My dh's family is just like this! We moved 400 miles away and visited them 1-2 times per year and dh visited his dm on his own as well. They visited us once, just after dd was born. (She is now 23) When we were at mil funeral recently we got the "You never come and visit us", "You never phone". I felt like saying it works both ways but I bit my tongue because it wasn't the place. We have been down for a visit once since then and have they made the effort? No. At that funeral we also discovered that SIL & her dh were at a funeral about 50 miles from us. They flew in to the airport 10 minutes from us and hired a car. They never contacted us or popped in for a coffee/meal. But I am over it. It is their loss.

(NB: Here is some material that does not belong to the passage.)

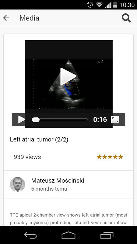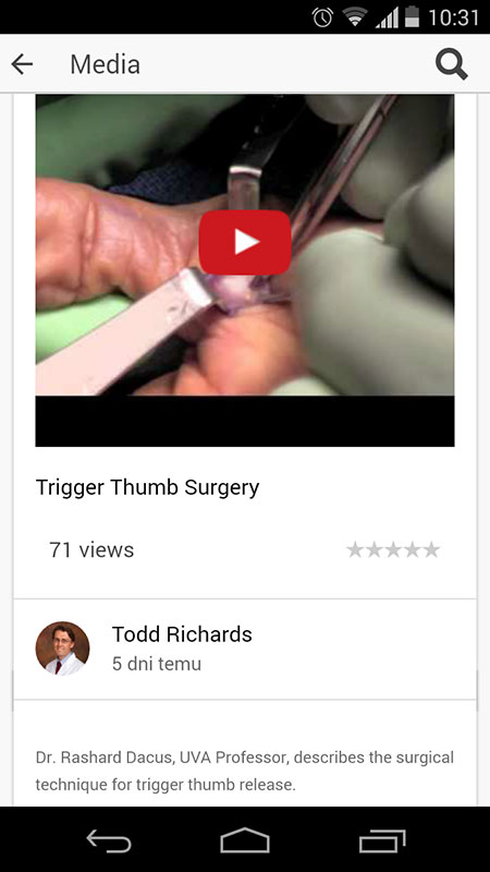 Once you select a category or a topic you've searched for, you'll get a list of related videos with a short description of what the video is about, number of view and a 5-star rating system. Videos range from short, lasting only couple of seconds, to longer, depending on the procedure or condition they described. We've noticed that the majority of the videos within the app seem to be surgery related. Also, during our review, we didn't notice any lecture based or animated medical videos, but we think that MEDtube app might benefit from them immensely.

53rdWay Mon 18-Nov-19 12:24:34

Mine are like that too. Along with the "oh you should call Mum/Dad/brother/sister/etc, you haven't called for ages, s/he'd LOVE to hear from you" reminders. I do 99% of all calls, Skype, text, emails, really can't they call me just once in a while?

It has got a bit better now they all have WhatsApp and we have big family group chats.

TerrorAustralis Mon 18-Nov-19 12:26:08

Sorry to say, but every expat has this story. I moved across the country and then to a different country (current country is the same time zone as my hometown).

Hardly anyone comes to visit (even though we live in a tourist hub). With few exceptions, hardly any friends keep in contact unless I am the one to initiating contact. In a way, I can understand it because I'm not great at keeping in contact with people. But with my parents and ILs it grates a bit. MIL is a great one for saying 'we never hear from x', but she doesn't initiate contact either. So I'm sure she says the same about us. (For the record, we only talk to the ILs when DH calls them - they never call us.)

bridgetreilly Mon 18-Nov-19 12:29:29

whenever we make the trip over to see them we stay with Pils and ask them to come to see us there.

And We have invited them over several times and they have not once come over!!

It's not all up to you, no, but you seem to be assuming it's all up to them. Why don't you ever visit them? Why do you always assume they will come to you, either at your in laws or at your home?

MatildaTheCat Mon 18-Nov-19 12:29:45

A lot of people don’t do well with change. The people who don’t call feel as if you’ve moved not just physically but emotionally out of their sphere. That makes contact seem difficult. That’s just my experience.

I have family abroad and certainly they feel that some of the family don’t do much to stay in touch and would expect them to do all the visiting when back in the UK. After many years it’s just the way it is.

Would it work to set up a WhatsApp group/s with several members of the family and just encourage group chat and info sharing?

bobsyourauntie Mon 18-Nov-19 12:33:11

Some people are like this and they won't change, XMIL always said to us, XSIL says she hasn't seen you for months. XH would say well they can visit us, why should we always have to visit them? oh well you live so far away (45 mins). Oh, so its ok for us to travel 45 mins on a regular basis, but not any of you?!

YANBU

Movermoverson Mon 18-Nov-19 12:38:07

@bridgetreilly because I think having travelled over 15hrs is enough with 3 dc in tow to be honest. It’s not much to ask them to do a small bit of the travelling. Especially when they “can’t wait to see us!” So they say. confused They visit pils anyway so it’s not a trek.